TIP: Want leaves but don’t have access to any? Check with your local community gardens which usually encourage residents to bring their bags of leaves to add to compost piles. 

What To Do With Dead Leaves

Most of the tips are all focused on feeding the soil. Because our country’s farmlands have been stripped of so many nutrients, much of the produce we buy is no longer as full of vitamins and minerals as it used to be. Thus the incentive to grow your food is stronger than ever. And by using the free resources you already have, in a very short period of time and with little monetary investment, you could be filling your table week after week with homegrown goodness. So, no more plastic garbage bags of leaves tossed into the millions of trash heaps across our country. It’s time to turn over a new leaf and get started making soil ready to feed yourself, your family, your friends, or your local community! 

Compost

With your produce scraps and some autumn leaves you are on your way to making delicious home compost. It is truly satisfying to witness what was once thought of as a garage turn into the foundation for a food-hardy garden. 

Mulch For Flowers & Veggies

Leaf litter doesn’t need to be composted to be absorbed and to be a beneficial ingredient to your flower beds and vegetable gardens.

  • Leave an opening for your crop to sprout and spread leaves all over the rest of your plant beds. You can pile the leaves up to four inches deep to make a cozy 
  • For a winter blanket to protect plant roots, add about a four-inch pile. 

TIP: Crush leaves with a lawn mover to make a finer mixture so they won’t blow off garden beds. Or you can water the plants over the cold periods and the leaves will decay.

Mulch For Lawns

If you simply mow over all the fallen leaves on your lawn, you’ll actually be creating a good source of food for your lawn. Give it try, you’ll be happily surprised!

Root Vegetable Storage

  • If you practice storing your root vegetable crops through the winter (such as in a cool basement), dry autumn leaves are great insulation for keeping the produce fresh all season long.
  • The same goes if your root veggies are still in the ground; with proper leaf coverage you can harvest through the winter spell.

Feed Wildlife

Our earth’s pollinators love a good cozy hangout for winter and piles of dead leaves make ideal housing for these critters.

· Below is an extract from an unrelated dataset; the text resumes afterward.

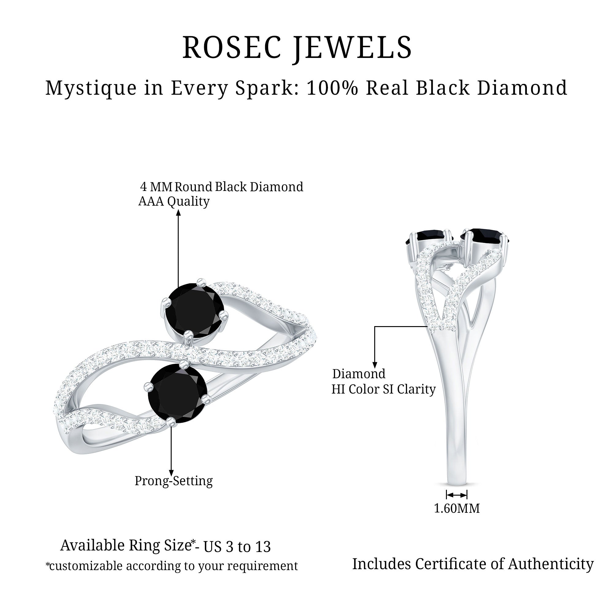 1 CT Minimal Black Diamond and Diamond Engagement Ring

  • Snails, butterflies, bees, moths, snails, spiders, and many other arthropods take cover from the cold and from predators in this debris.
  • A queen bumble bee will burrow about two inches into the ground to hibernate for winter, while she relies on leaf refuse to keep her insulated. 
  • Have you ever seen a butterfly cocoon disguised as a dry leaf? They are quite ingenious in this way and stay protected as they hibernate as well through the winter.

Fall Decorations

The ruby red, fiery oranges, saucy yellows, juicy violets, and earthy browns are all the kaleidoscope of colors your autumn leaves fill. Catch some of these gorgeous gems when at their color peaks and perverse them for home decorating projects during the autumn season.

  • Collect any fallen branches, place them in a large pot or vase and add a strand of mini twinkle lights.
  • Iron individual leaves between sheets of wax paper to seal and protect them. Once frozen in time, you can now do many artsy projects with those leaves -punch holes to hang and make a garland; cut out and drape onto wood branches, or just use fresh colorful leaves spread down a table runner for a seasonal centerpiece.

Summary

Hopefully, you are looking at those piles of autumn leaves in a different light now. Who knew they were such a rich resource of nutrients for us, our soil, our flowers, and our gardens? By using them for composting, soil-enriching, and other nature-enhancing projects, not only are we keeping free quality material out of landfills but we’re also taking part in a sustainable process that helps our entire ecosystem.